It’s hard to remember a time—we’re talking even way back in the bad old days of the Cold War—when things were such a mess. It’s hard even to count the number of wars underway right at the moment, but let’s list at least some of them: there’s the Israeli invasion of Gaza, the civil strife in eastern Ukraine, the twin civil wars in Syria and Iraq, the ongoing Afghanistan war, Pakistan’s assault on Taliban strongholds, virtual civil war in Libya, general conflicts across Africa (Nigeria, Mali, the Sudans, Somalia and of course in the eastern Congo/Uganda region), drone strikes and civil war in Yemen. To that list we might add tensions pitting China against Vietnam, South Korea, Japan and the Philippines and, of course, the high-stakes negotiations over Iran’s nuclear program between Iran and the P5+1 world powers. And then there’s the immigration crisis at the border. (You might be able to think of some I’ve neglected to mention.)
At the beginning of July, the surprise offensive by the Al Qaeda–like Islamic State of Iraq and Syria (ISIS) captured the headlines. Though it hasn’t gone away, it’s essentially been eclipsed by the brutal Israeli offensive in Gaza and by the crisis in Ukraine, sparked by Vladimir Putin’s irredentist claim to defend Russians everywhere and culminating in the shootdown of Flight MH17. In normal times, any one of these crises, each one of which brings unbearable losses of human life and ill forebodings of things to come, would grab the attention of the entire world. But this is not normal times. Why is this all happening, and why now?

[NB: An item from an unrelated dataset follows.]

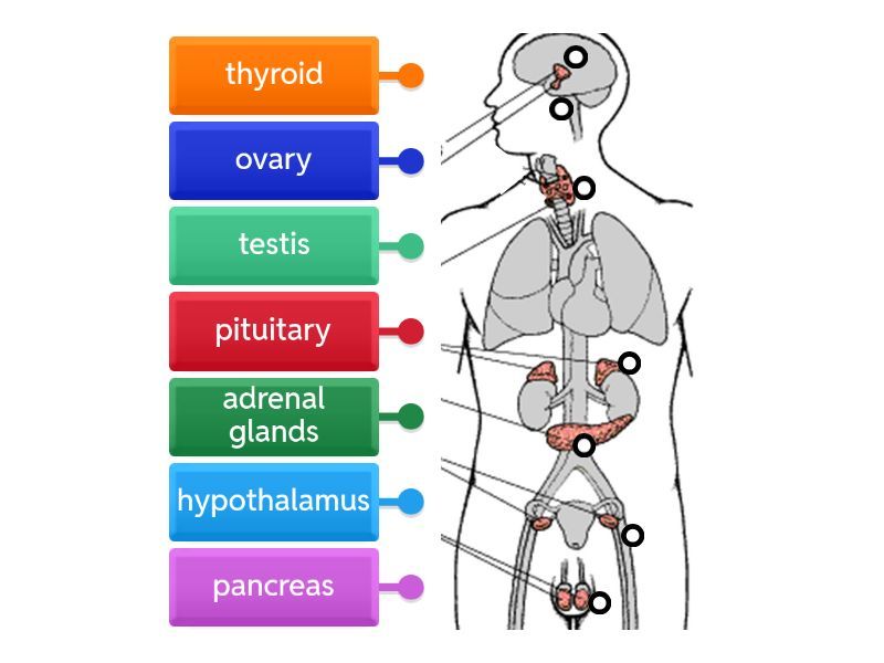 hypothalamus, pituitary, thyroid, adrenal glands, pancreas, ovary, testis.

It’s tempting to say that it’s the result of retrenchment on the part of the United States and of President Obama’s disinclination to get involved in conflict overseas—tempting, but wrong. That hasn’t stopped Republicans, and hawks and neoconservatives in the United States, from blaming Obama for everything: if only he’d kept troops in Iraq, if only he’d bombed Syria, if only he’d rush military aid and US advisers to Ukraine, if only he’d bomb ISIS in Iraq, if only he’d throw America’s full support to the Syrian rebels, if only he’d been a stronger ally of Israel’s. And so on.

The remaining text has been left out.